Key insight: The layout [postings] → [skip index] enables single-pass streaming writes. We write postings while tracking offsets and block stats, then write skip entries with known offsets. This eliminates multiple passes over the data that were required when skip index preceded postings.

Cache behavior: During BMW queries, we scan skip entries to find candidate blocks. Since skip entries are small (16 bytes per 128 docs) and accessed sequentially, they cache well regardless of physical position.

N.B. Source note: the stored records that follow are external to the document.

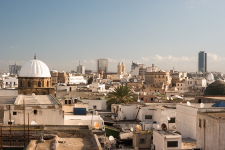 View of the Al-Zaytuna Mosque and the skyline of Tunis at dawn.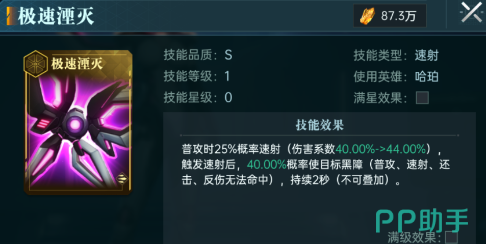 作为s级别的英雄哈帕,偏向于控制,而他的技能极速湮灭能够有效的提供概率,从而让敌人进入到黑障的状态,一旦进入到这种状态的话,就可以很好的控制,从而提高了整个队伍的生存能力。
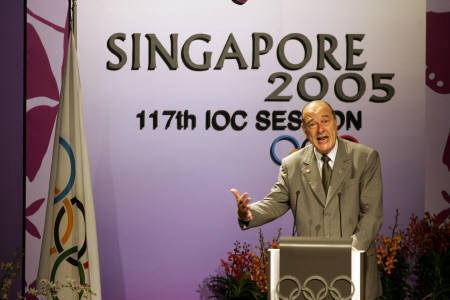 7月6日,法國總統希拉克親自在新加坡舉行的國際奧委會(IOC)第117屆大會中,為巴黎發表申奧陳述。巴黎、倫敦、紐約、馬德里和莫斯科共同角逐2012年夏季奧運會主辦權,IOC將在6日稍晚在新加坡投票選出主辦城市。圖據路透社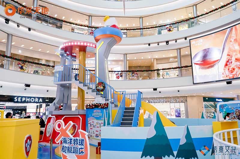 汪汪队立大功华采超能大探险在华采天地集结展开超能大探险,和汪汪队一起探险!用智慧、勇气、合作攻克重重关卡,解锁无限活力与欢乐吧,而作为团队中的 “安全可靠”担当高达6M的巨型阿奇更是在集结站等候,速来打卡吧。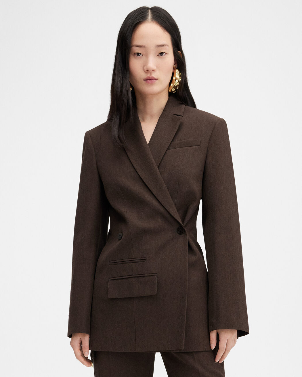 - Sleeve slits and buttonholes with contrast stitch detail The model is 175 cm and wears a size 34.
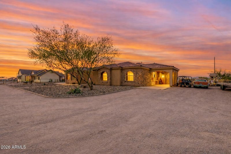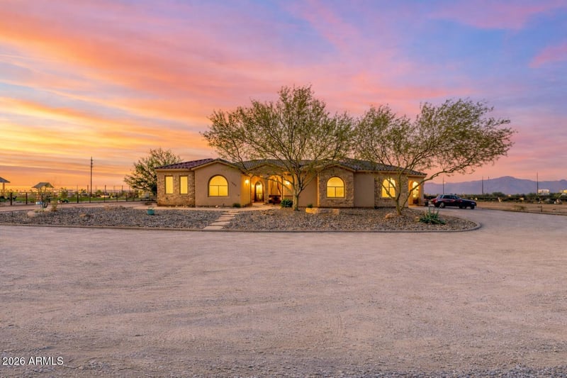 Listing details for 1602 Lobo St, San Tan Valley, AZ 85140 : Custom ranch home with NO HOA on 1.25 acres of irrigated horse property, perfectly positioned to capture breathtaking mountain views. Thoughtfully designed with a split floor plan and exceptional detail. The gourmet kitchen features custom alder cabinetry, granite countertops, walk-in pantry, breakfast bar, built-in refrigerator, and a dual-fuel range with convection oven, ideal for entertaining or everyday living. The private primary suite includes a spacious walk-in closet with additional laundry hookup, jetted soaking tub, travertine tile shower, dual vanities, and an additional closet. Secondary bedrooms are paired with a dedicated living/playroom, while the home also offers a large theater room and a separate bonus/game room (or optional dining space), providing multiple areas for entertaining, relaxing, or working from home. The fifth bedroom, located just off the primary suite, is currently used as a theater but would be ideal for a nursery or home office.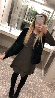 Fits great. Super flattering and easy to dress up or down with heels or boots. Loved it even with my fur vest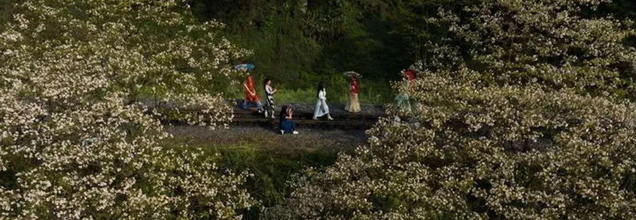 چین ، جنوب مغربی صوبہ سیچھوان کے شہر لی شان کی کاؤنٹی جیان وائی کے لیانگ شوئی تو اسٹیشن سے بھاپ کے انجن سے چلنے والی ٹرین گزرہی ہے۔ (شِنہوا)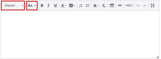 Кнопка «Формат» позволяет выбрать форматирование текста. А кнопка «Аа» - размер шрифта.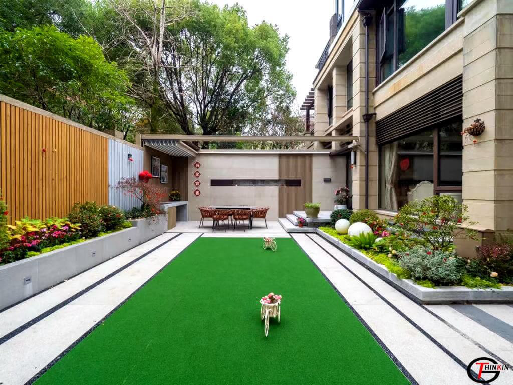 边欣赏着庭院花草,边进入庭院的核心地带。石质铺装成规则边框,边框内是一大块草坪。大片的绿色令人悦目,亦方便所有需要舒展身心的运动。绿色的草地,无时无刻不与两侧的花境呼应着,眼中是层次分明的景,心中是生动温暖的情绪。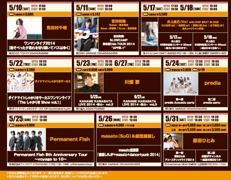 ※公演日時および出演者名表記はライブハウス提供の情報をそのまま掲載しています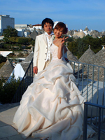 | あまりに楽しい時間だったので、14時から始まったランチは気付くと既に18時! その後はカメラマン役の弟を引き連れ、ドレス姿のまま宿泊しているトゥルッリのテラスで写真撮影をしたり、遅くまでアルベロベッロの街を散策しました。街は20時近くになってもまだ明るく、治安も良いため安心して散策できました。 | |||||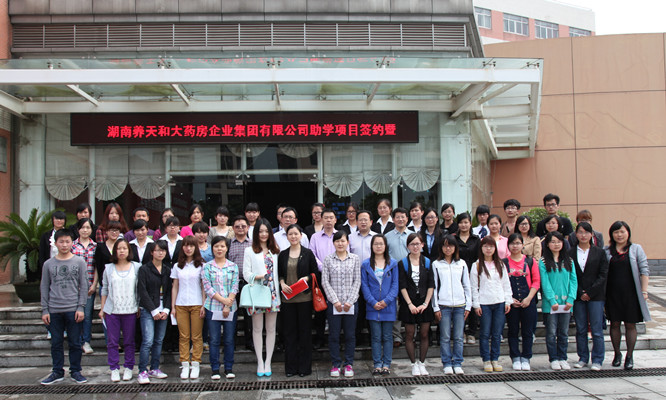 5 月 7 日下午,我校与湖南养天和大药房企业集团有限公司助学项目签约暨助学金发放仪式在国际教育学院报告厅举行。副校长何清湖、葛金文、养天和集团总裁李能、副总裁张恩深等领导与嘉宾出席。仪式由学生工处处长谭琥主持。学工处副处长章小纯及学工处工作人员、部分教师与学生代表共同参加了此次仪式。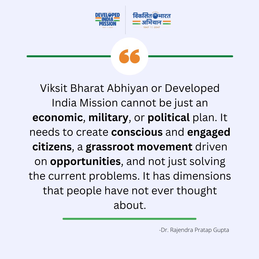 At this pivotal juncture, as India stands on the cusp of progress, it’s imperative to recognize that realizing this vision demands unwavering dedication, faith in India’s future, a deep-seated aspiration, and the vast potential, talent, and capabilities of its people, particularly the youth. Strong leadership is also essential to harness this potential. Achieving Viksit Bharat by 2047 requires concerted efforts akin to a national mission, characterized by a bold, ambitious, and transformative agenda communicated effectively to all stakeholders. Given that the youth constitute a significant portion of the population, their active involvement is pivotal in steering India towards this goal.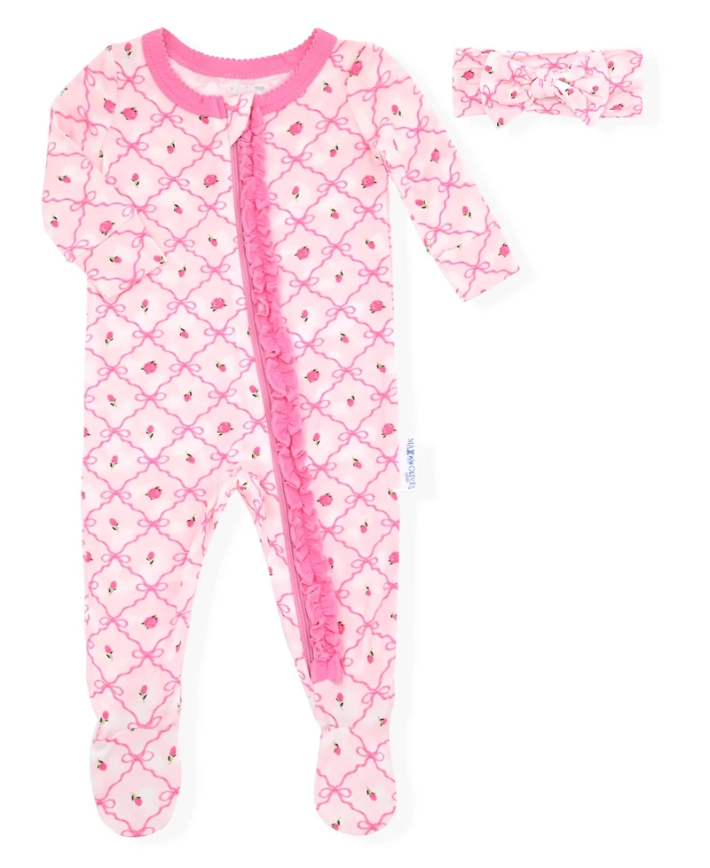 Add a charming touch to your baby's wardrobe with this onesie set by Max & Olivia, showcasing a delicate bow-inspired print with a ruffle detail along the front. The enclosed foot design offers full coverage, while the matching headband brings the look together with a soft, comfortable hold.

1.3 Fieldnorm Quantization

Lucene/Tantivy quantize document lengths to 1 byte (256 buckets) using a log-scale mapping. This:

  • Reduces storage (1 byte vs 2-4 bytes per doc per term)
  • Enables compact block-max metadata
  • Has negligible impact on ranking quality

We use Lucene's quantization scheme (SmallFloat.intToByte4). Both Lucene and Tantivy independently converged on this same approach, which is reasonable evidence for its effectiveness.

Key properties:

  • Document lengths 0-39 stored exactly (covers most short documents)
  • Larger lengths use 4-bit mantissa encoding (~6% relative error max)
  • 256 buckets cover lengths from 0 to 2+ billion

Why quantization doesn't hurt BM25 ranking:

  • BM25 uses the ratio $dl/avgdl$, not absolute length
  • Small errors in $dl$ become smaller errors in the ratio
  • The $b$ parameter (0.75) further dampens length's influence
  • Other factors (IDF, term frequency) dominate scoring
// Precomputed decode table (Lucene SmallFloat.byte4ToInt)
static const uint32 FIELDNORM_TABLE[256] = {
    0, 1, 2, 3, 4, 5, 6, 7, 8, 9, 10, 11, 12, 13, 14, 15,
    16, 17, 18, 19, 20, 21, 22, 23, 24, 25, 26, 27, 28, 29, 30, 31,
    32, 33, 34, 35, 36, 37, 38, 39, 40, 42, 44, 46, 48, 50, 52, 54,
    // ... continues with increasing gaps
};

uint8 encode_fieldnorm(uint32 length);   // See SmallFloat.intToByte4
uint32 decode_fieldnorm(uint8 norm_id) {
    return FIELDNORM_TABLE[norm_id];
}

1.4 Fieldnorm Storage Strategy

Fieldnorm storage differs between uncompressed and compressed posting formats due to a space/performance tradeoff:

Uncompressed format (V2): Fieldnorms are stored inline in each posting entry. The TpBlockPosting structure has 2 bytes of padding for alignment, which can hold the 1-byte fieldnorm at zero additional cost:

typedef struct TpBlockPosting {
    uint32 doc_id;      // 4 bytes - segment-local document ID
    uint16 frequency;   // 2 bytes - term frequency
    uint8  fieldnorm;   // 1 byte  - quantized document length
    uint8  reserved;    // 1 byte  - padding for alignment
} TpBlockPosting;       // 8 bytes total

This eliminates per-posting fieldnorm lookups entirely, which is important because we have observed high overhead from fieldnorm lookups in a separate table. Each lookup requires a buffer manager round-trip (hash lookup, pin/unpin, LWLock acquire/release), adding ~300-500ns per posting even when pages are cached in shared_buffers. For queries touching millions of postings, this overhead dominates query time.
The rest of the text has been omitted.